Next, we evaluated the effect of SNS on the firing properties of colonic myenteric neurons via genetically-encoded calcium indicators using Pirt-GCaMP3 mice49. Pirt-GCaMP3 mice were implanted with the colonic window and ferromagnetic scaffold. GCaMP3-fluorescence was visible in the colonic myenteric plexus through the colonic window (Fig. 4a). Pirt-GCaMP3 mice were also implanted with electrical stimulation leads in the S2 intervertebral foramen. Electrode implant location was confirmed by x-ray fluoroscopy (Supp. Fig. 6), and stimulating the sacral nerves evoked a motor response in the tail (Supp. Movie 4). Electrical stimulation amplitude was titrated to 20% below motor threshold. When electrical stimulation was delivered at 14 Hz, commonly used in FDA-approved therapeutic SNS35,37,50, it evoked calcium responses in 10% of colon myenteric neurons on average in four out of five mice, with at least 25 cells per mouse (Fig. 4b; Supp. Movie 5). We repeated SNS at 7 Hz and 21 Hz, and we found that 14 Hz SNS evoked responses from a statistically significantly greater percentage of myenteric neurons than control conditions (Fig. 4c). When we collapsed across stimulation frequencies, we found the effect of SNS was not statistically significantly different from control (unstimulated) conditions (Fig. 4d).
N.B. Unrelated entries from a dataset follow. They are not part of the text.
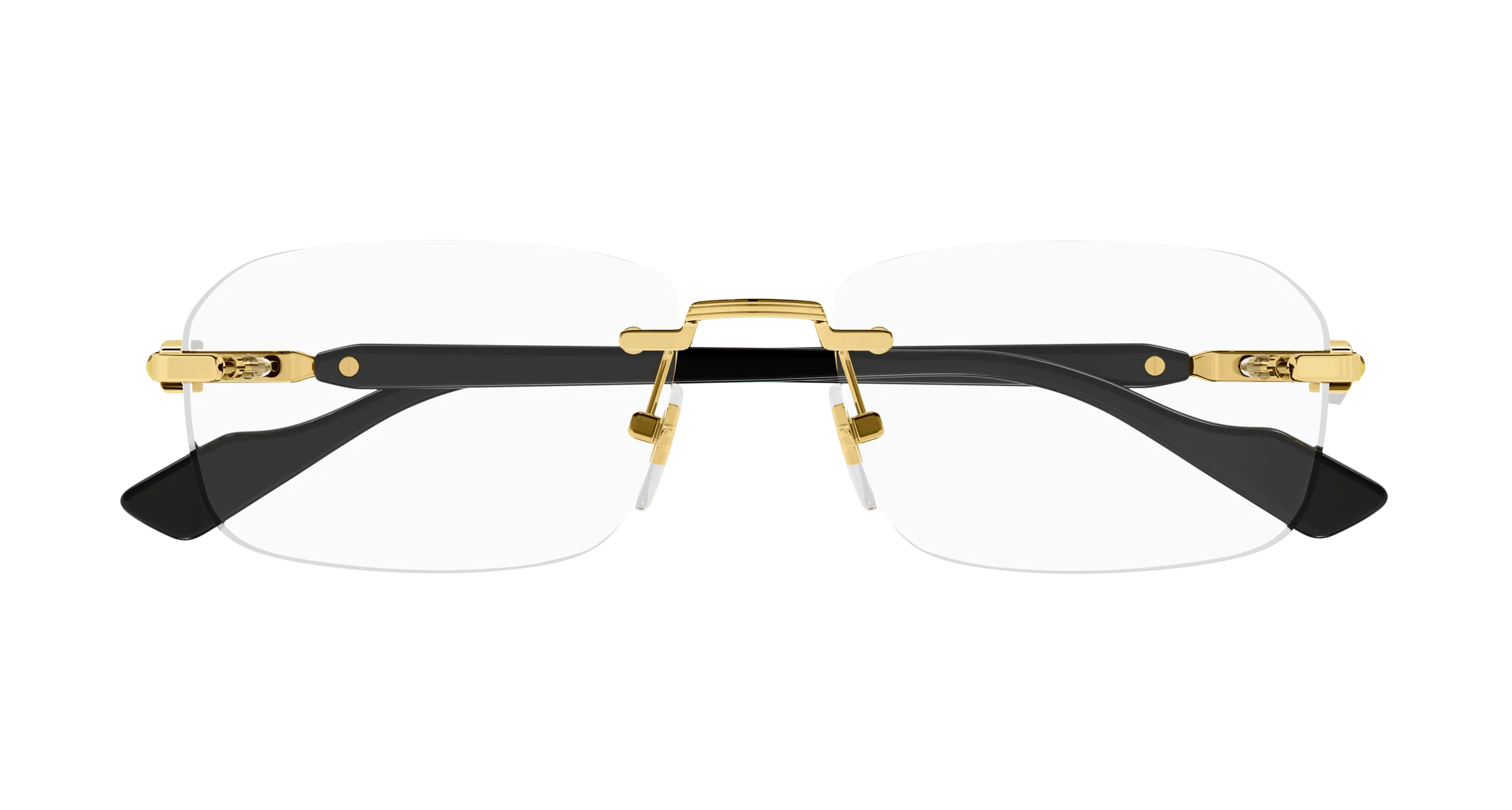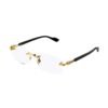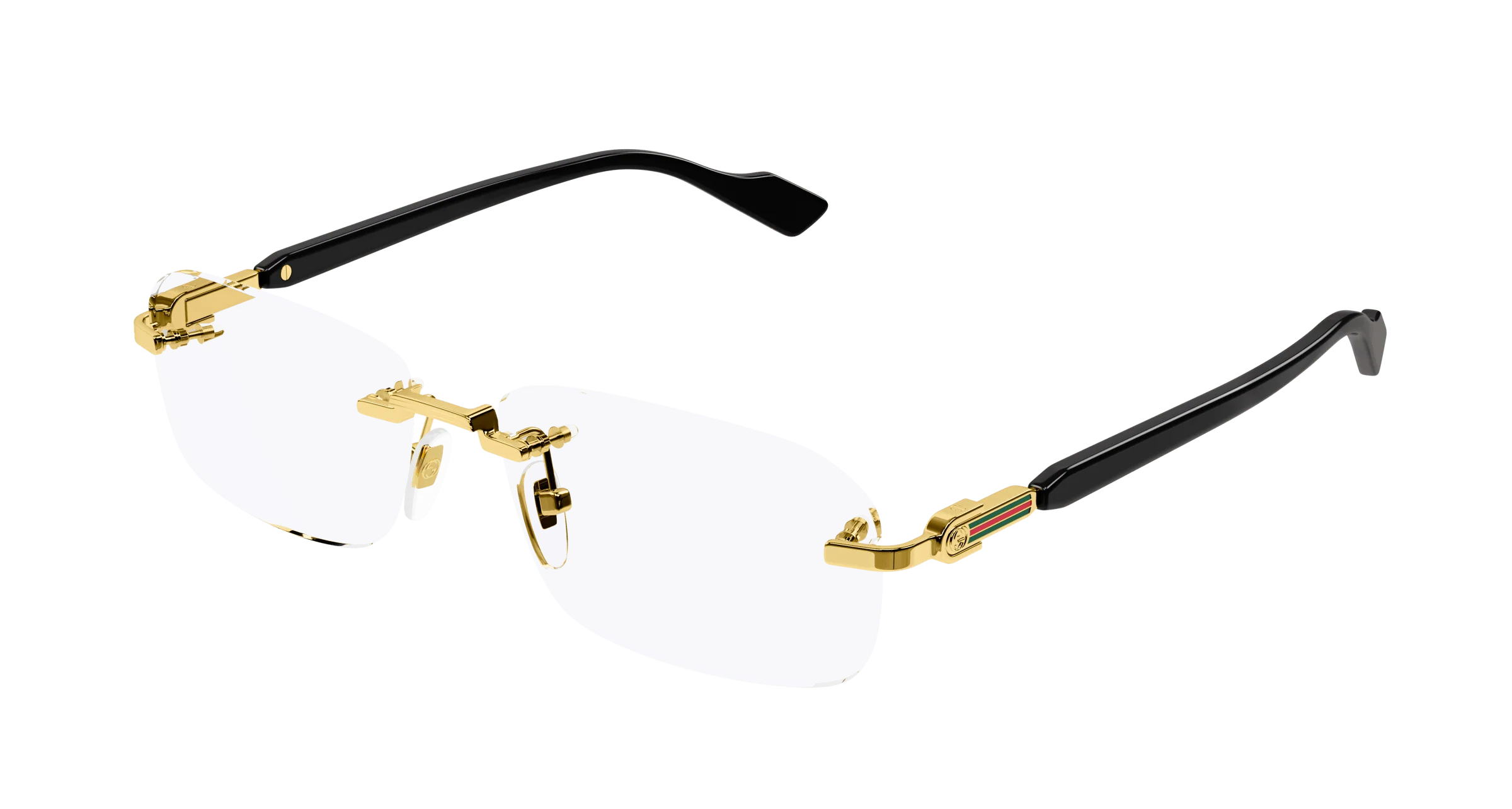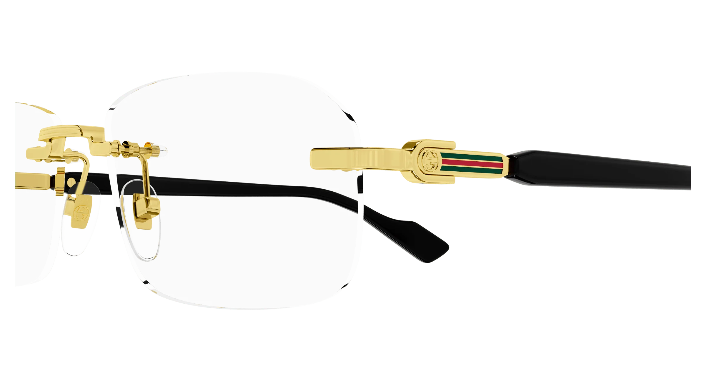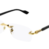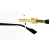 Gli occhiali da vista Gucci GG1221O offrono un design rettangolare, con aste sofisticate impreziosite dal logo GG intrecciato in oro e dettagli in smalto che richiamano il motivo web.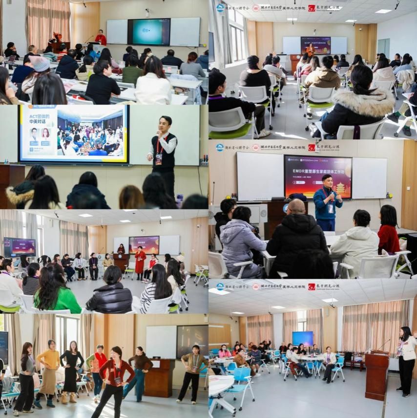12月28日下午,大会进行了7场平行工作坊,内容包括:汪海燕带领的《“团体辅导课”课程建设探讨》,张演善带领的《灵活的ACT团体》,刘琼珍带领的《“爱的语言”心理剧体验工作坊》,刘晓丽带领的《尊巴舞减压团体辅导》,朱宏博带领的《动力学团体治疗和“金鱼缸”团体体验》,茆丁带领的《EMDR重塑原生家庭团体工作坊》和余璇带领的《“心动力·幸福夜校”——高校一站式社区“五育润心”心育活动设计与实施》。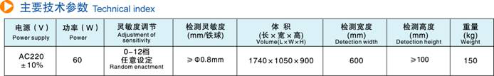 技术性能及参数:1.优质元件的选用,使之具有很高的灵敏度和很强的抗干扰能力。2.当检测到断针或其它铁类物时,声光将同时报警,红色灯光会指示出金属物所处的位置,此时被检物会自动停下并返回。3.实现A、B、c、D、四种机型功能的兼容,可自由选择使用。4.智能计数器对被检物(合格品、非合格品)的数量实现准确记录。5.检测灵敏度可在操作面板上实现自由调节(o—12档),直至达到您的要求。6.设有自动启动程序及自动保护装置,并安装有程序锁定装置。7.可根据用户产品的需要及特点定制设备的检测高度及宽度。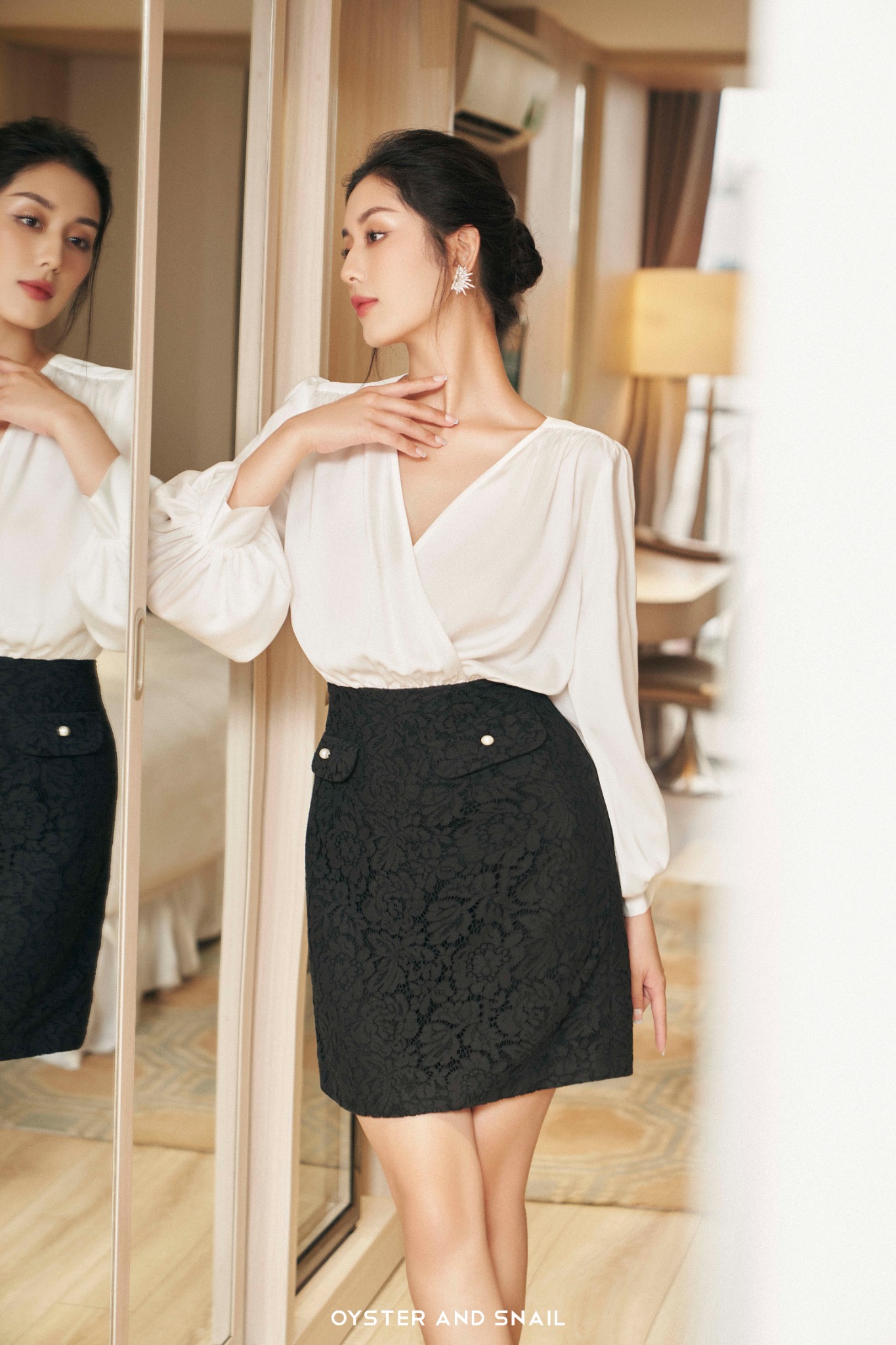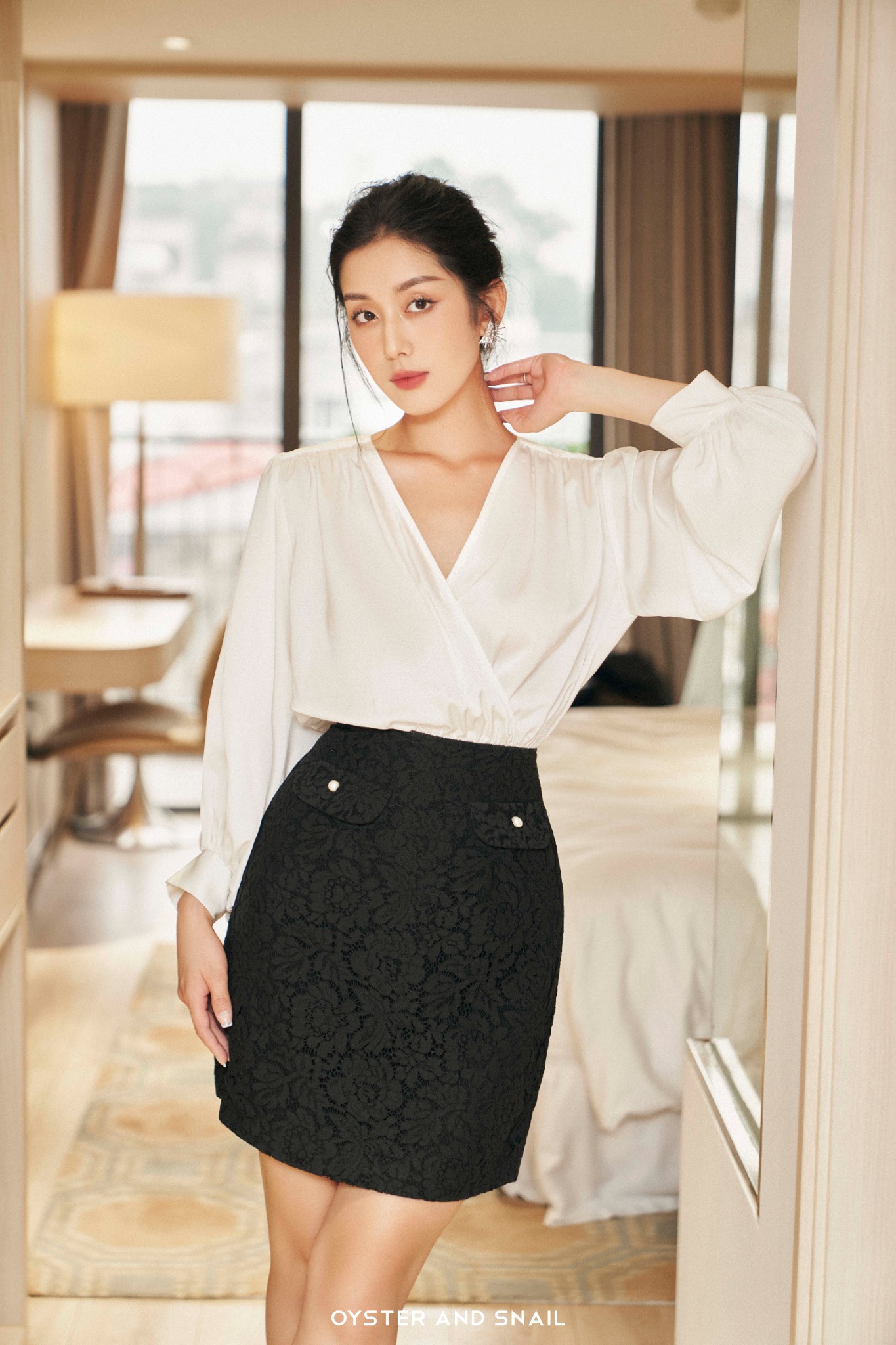 - Chất liệu: Lụa ngọc trai trắng phối chân nhung leo phủ ren đen.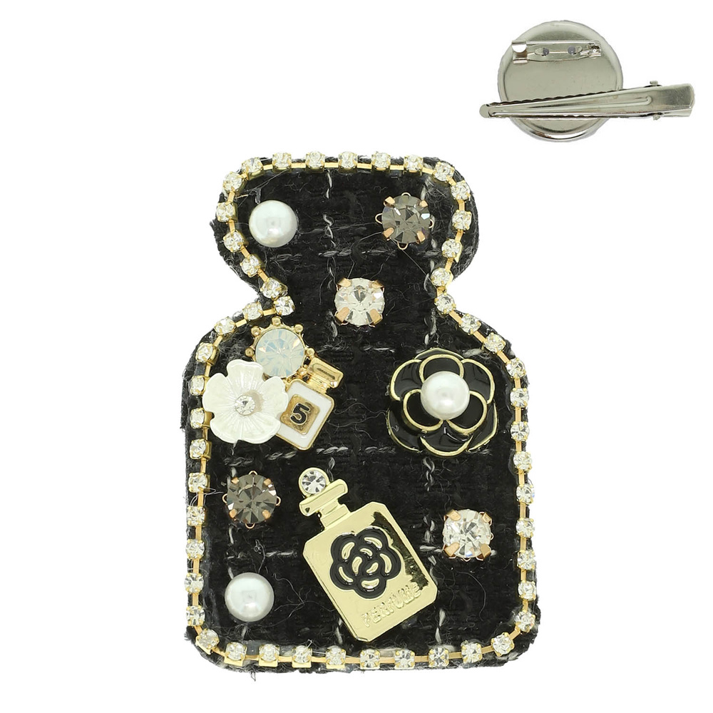 PERFUME SHAPE BROOCH PIN WITH PEARL AND CRYSTAL ACCENTS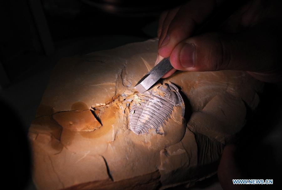 Archaeologist clean a trilobite fossil at Chengjiang animal fossile museum in Chengjiang County, southwest China's Yunnan Province, July 1, 2012. The Chengjiang Fossil of China was included into the World Heritage List at the 36th World Heritage Conference held in St. Petersburg, Russia on Sunday. (Xinhua/Qin Qing)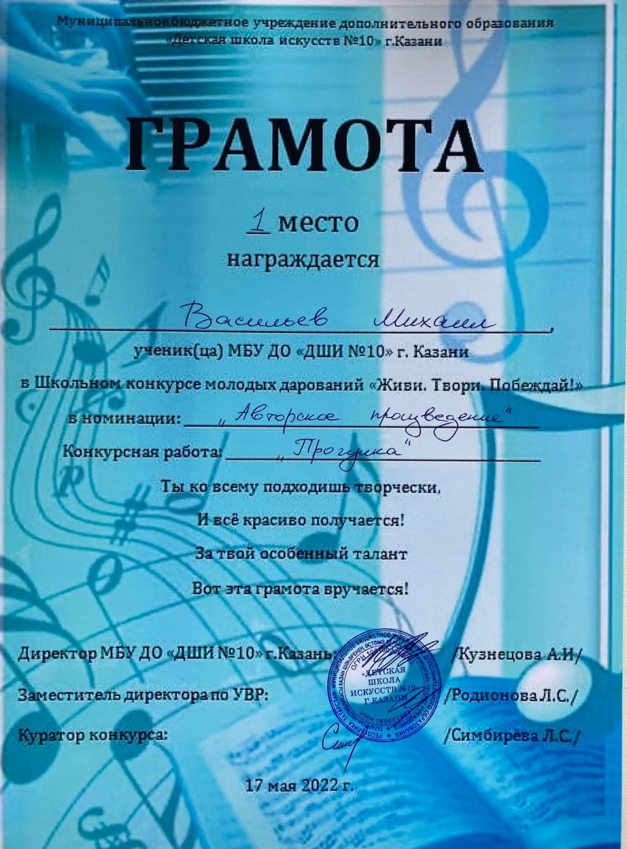 В МБУДО "Детская школа искусств №10" г. Казани проходил школьный конкурс молодых дарований "Живи! Твори" Побеждай!", где учащиеся могли показать свои авторские сочинения. Бадышева Алия представила стихи собственного сочинения и стала победителем в номинации "Авторское стихотворение", а Васильев Михаил преставил музыкальное инструментальное произведение "Прогулка" в номинации "Авторское произведение" и стал победителем! Поздравляем учащихся и автора проекта Симбирёву Лидию Сергеевну. Администрация школы выражает благодарность преподавателю Симбирёвой Л.С. за идею и сопровождение проекта!

Fig. 4: In vivo calcium imaging of the colonic myenteric plexus in response to SNS.
figure 4

a Representative image from a Pirt-GCaMP3 mouse with GCaMP (green) expression in 18 outlined colonic myenteric neurons. b Calcium dynamics of at least 25 cells from four mice with 14 Hz SNS delivered from 30 to 45 s (vertical white dashed lines). Changes in GCaMP fluorescence are represented on a colorimetric scale. c Quantification of the percentage of GCaMP-positive cells that respond under control (ctrl, unstimulated) conditions, and with 7 Hz, 14 Hz, or 21 Hz SNS (n ≥ 3). d The percent of GCaMP-positive cells that respond under control (ctrl, unstimulated) conditions and SNS collapsed across stimulation frequency. The increase in percent response with SNS is not significant by unpaired, two-tailed t-test (n ≥ 3). e Representative image from a Pirt-GCaMP3 mouse injected with Fast Blue. GCaMP (green) expression is shown in 21 outlined colonic myenteric neurons, with Fast Blue (blue) found in 2 of the 21 cells (white/blue labels). f Changes in GCaMP fluorescence from e cells in response to 14 Hz SNS (vertical red dashed lines) in Fast-Blue-postive (blue) and -negative (black) cells. g Quantification of fraction of GCaMP-positive cells that are labeled with Fast Blue (n = 4). h Quantification of the percentage of Fast-Blue-positive cells that respond to SNS compared to all Fast-Blue-positive cells (n = 4). Circles represent individual mice, and bars indicate μ ± s.e.m. Star indicates statistically significant difference from control by Dunnett’s test for multiple comparisons after ANOVA (p < 0.05). All scale bars are 100 μm.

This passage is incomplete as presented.